GRANDADDY BEGAN as a trio; Lytle, bassist Kevin Garcia, and drummer Aaron Burtch met in a local skate shop. Modesto’s rough-and-tumble bars proved challenging for Grandaddy’s mellow keyboard pop, and even the band’s skater friends gave them shit about it. “I’ve always been a glutton for punishment in that I like to resist what’s popular,” Lytle says. “Here I was making a wholehearted attempt to slow things down and make the music pretty, and the skateboard crowd—our friends—expect this hard, high-NRG music. People hated us.” Including the Valley’s infamous good ol’ boys. When the band added Tim Dryden on keys and Jim Fairchild on guitar, the group’s songs started taking on a new spin, what Lytle terms “fluffy and melodic.” He says the crowds thought Grandaddy were a bunch of new wave fruits, noting the inevitable jock catcall, “Hey, y’all sound like the Cure!”

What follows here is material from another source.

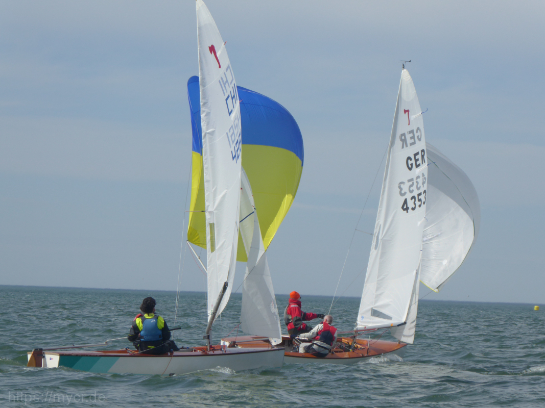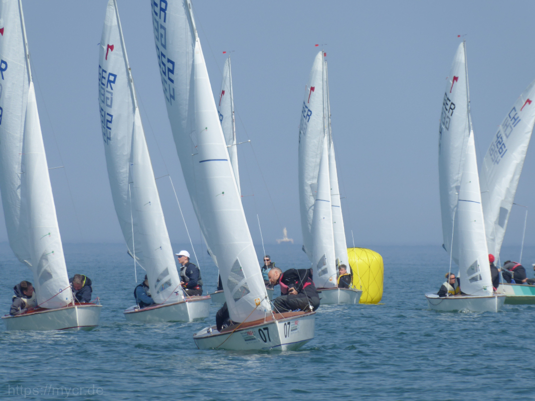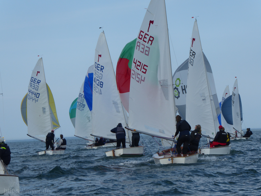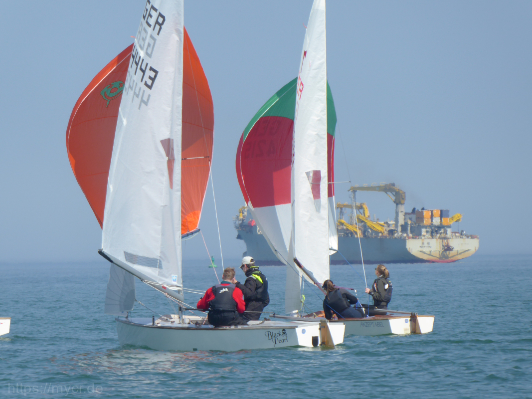 Zunächst waren es leider noch mehr Windlöcher als Windfelder aber im Laufe des Tages nahm sowohl der Wind als auch die Lufttemperaturen zu. So konnten wir mit den 19 teilnehmenden Piraten und 15 Cadets 4 Wettfahrten absolvieren. Abgestraft wurden die Segler, die sich bei anfangs stark pendelnden Winden verleiten ließen, zu weit nach außen zu fahren, belohnt wurden alle Segler von 3 Schweinswalen, die kurz vor Tonne 3 den ganzen Tag über die Rennen begleitet haben. Mit Kuchen und ohne Proteste ging der Tag mit vorsommerlichen Temperaturen für alle entspannt zu Ende.

Then the British press took a fancy to Under the Western Freeway as well as to Grandaddy’s collective beards (Lytle and several other members cultivate awe-inspiring hunter hair). NME and Melody Maker led the way, and soon letters started pouring into Lytle’s Modesto mailbox. “It’s so strange, the British [music writers] seem to be so cynical about American bands, especially Californians. I dunno why they liked us. What I really liked was hearing from regular people, people not connected to the music business, who said they were affected by our music. That’s the good part.”

Still, Freeway (originally on Seattle’s Will Records) remained semiobscure until V2 picked it up and rereleased it along with last year’s sparkling Signal to Snow Ratio EP. It provided the band with the boost it needed to record some fresh material. “When we finally got going with Under the Western Freeway, it was getting pretty old for us,” admits Lytle. By the time the record had a proper release, the band had been playing those songs for three years. He calls Sophtware Slump a step up for the five-piece: “It’s a bigger, enhanced version with all the same ideology of Grandaddy intact.”

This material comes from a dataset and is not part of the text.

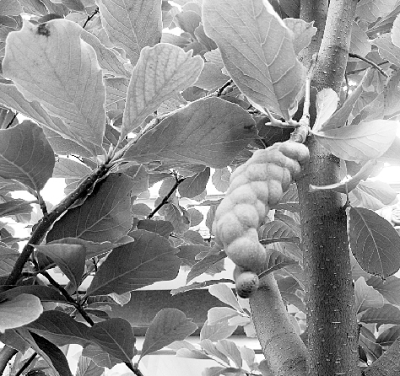 近日,滄州大化賓館門前的兩棵白玉蘭樹,竟然結出了果實。青綠色的果子約有10厘米長,果形千姿百態,有的如串串葡萄,有的呈麻花狀,有的則怪模怪樣。

Indeed, the new record is rife with imagery and more engulfing synth bits than even a Cars fan would know what to do with. Lytle’s fucked-up superhumans populate uninhabited pockets that haven’t been touched since ELO left the pop sphere. It almost makes one long for a quiet space in the desert, perhaps a lonely beer in an airplane graveyard or a sleeping bag filled with motorized ants. Almost. Save for Grandaddy, the desert is still a bad place. Back to his anthropological perspective, Lytle explains that people suffer when they inhabit places best left to nature. “I think nomadic people had it figured out a long time ago. You either acclimate to a certain area, or you learn to totally avoid certain areas during certain seasons and move on. Air-conditioning and TV have confused people’s nomadic sensibilities.” Jason, are you sure you don’t want a side job as a sociologist? “Gawd, if people didn’t depress me so much, I might consider it,” he answers.